Проявляя редкую сноровку, Мюлар снял с Эрмины чепец. Белокурые волосы очаровательной женщины, которые доктор Брюлатур предполагал остричь, были собраны на затылке в толстые косы.
Мюлар вытащил черепаховый гребень и роскошная шевелюра рассыпалась по плечам больной золотистым покровом.
– Поторопись, – сказал Сентак, чувствуя себя не в своей тарелке.
– Мне понадобится не больше минуты,
– Неважно, давай быстрее.
Войдя в комнату больной, Мюлар оставил приготовленное снадобье на круглом столике на одной ножке. Теперь он подошел к нему и, проявляя осторожность, на которую такой малый, казалось, был совершенно неспособен, надел на голову больной, позаботившись о том, чтобы мазь плотно прилегала к волосам.
– Ну вот, – сказал он, – готово.
– Теперь я могу уложить ее обратно в постель? – спросил Сентак.
– Пока нет, сначала нужно вновь надеть чепец.
Вандешах в ужасе смотрела на то, как Мюлар накладывает свой компресс, и ей казалось, что он совершает какое-то жуткое колдовство.
Лицо индуса, со впалыми, пылающими глазами, двуличный, холодный взгляд Сентака, полумрак, в котором двигались их фигуры, придавал всей сцене совершенно фантастический характер.
– Теперь уложите мадам обратно в постель.
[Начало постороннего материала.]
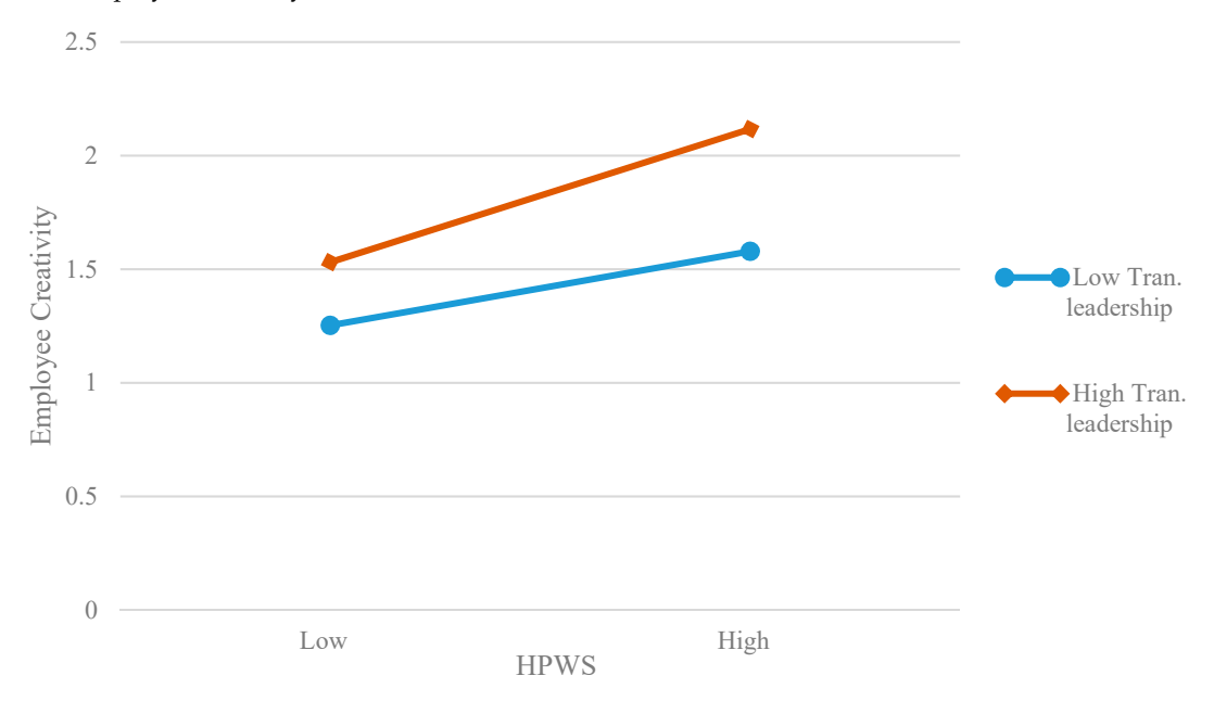
Figure 3. Moderation effect of transformational leadership on the indirect effect between a high-performance work system (HPWS) and employee creativity.

Сентак осторожно опустил голову Эрмины на подушку и облегченно вздохнул.
Сей жестокий дикарь явно не годился на роль сиделки.
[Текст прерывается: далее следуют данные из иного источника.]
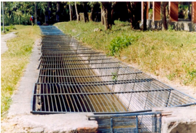
Running Water Fish Culture Units in Himachal

The project does not even follow HP State Notification (2005) that requires developers to release at least 15% of the (minimum annual observed pre project) river flow downstream, as a minimum ecological flow (that itself is a very inadequate quantity to sustain the social and ecological needs of the downstream riverine area). Dead fish on a parched river bed is a common scene here. More than 11000 families in Himachal Pradesh depend on fisheries to make a living.
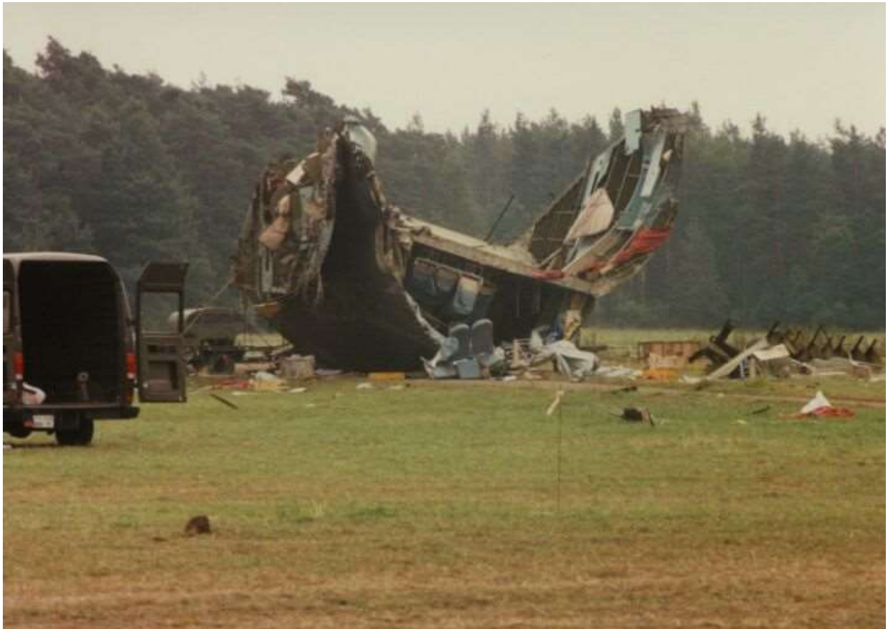
Back/top of the troop compartment where the survivors were sitting

– И когда твое средство возымеет свое действие?
– В десять – половине одиннадцатого наступит существенное улучшение, – ответил Мюлар.
– А если этому снадобью предстоит ее вылечить?
– Если мое зелье спасет вашу жену, ближе к трем часам она придет в себя, а вечером станет понятно, устранена ли опасность для ее жизни.
– Значит, здесь нам делать больше нечего? – спросил Сентак.
– Совершенно верно.
– Вы все слышали, мадемуазель, – продолжал саиль, – не пытайтесь в своем неуместном рвении разрушить то, что мы только что сделали – вы убьете свою благодетельницу и я этого вам никогда не прощу.
Последние слова саиль произнес столь непритворно, что у юной девушки не осталось ни малейших сомнений в их искренности.
Впрочем, Сентак с Мюларом и не ждали от нее ответа. Они тут же ушли, и Маринетта услышала, как индус, обратившись к хозяину, сказал: – Теперь она проспит восемь часов самым безмятежным сном.
Так оно и случилось.
Через несколько мгновений после ухода саиля и слуги, Вандешах услышала, что из груди Эрмины вырвался вздох облегчения и тут же сменился спокойным, ровным дыханием.
Весь остаток ночи больная спала настолько глубоко, что юная девушка была вынуждена признать – Мюлар и его хозяин действительно облегчили страдания мадам де Сентак.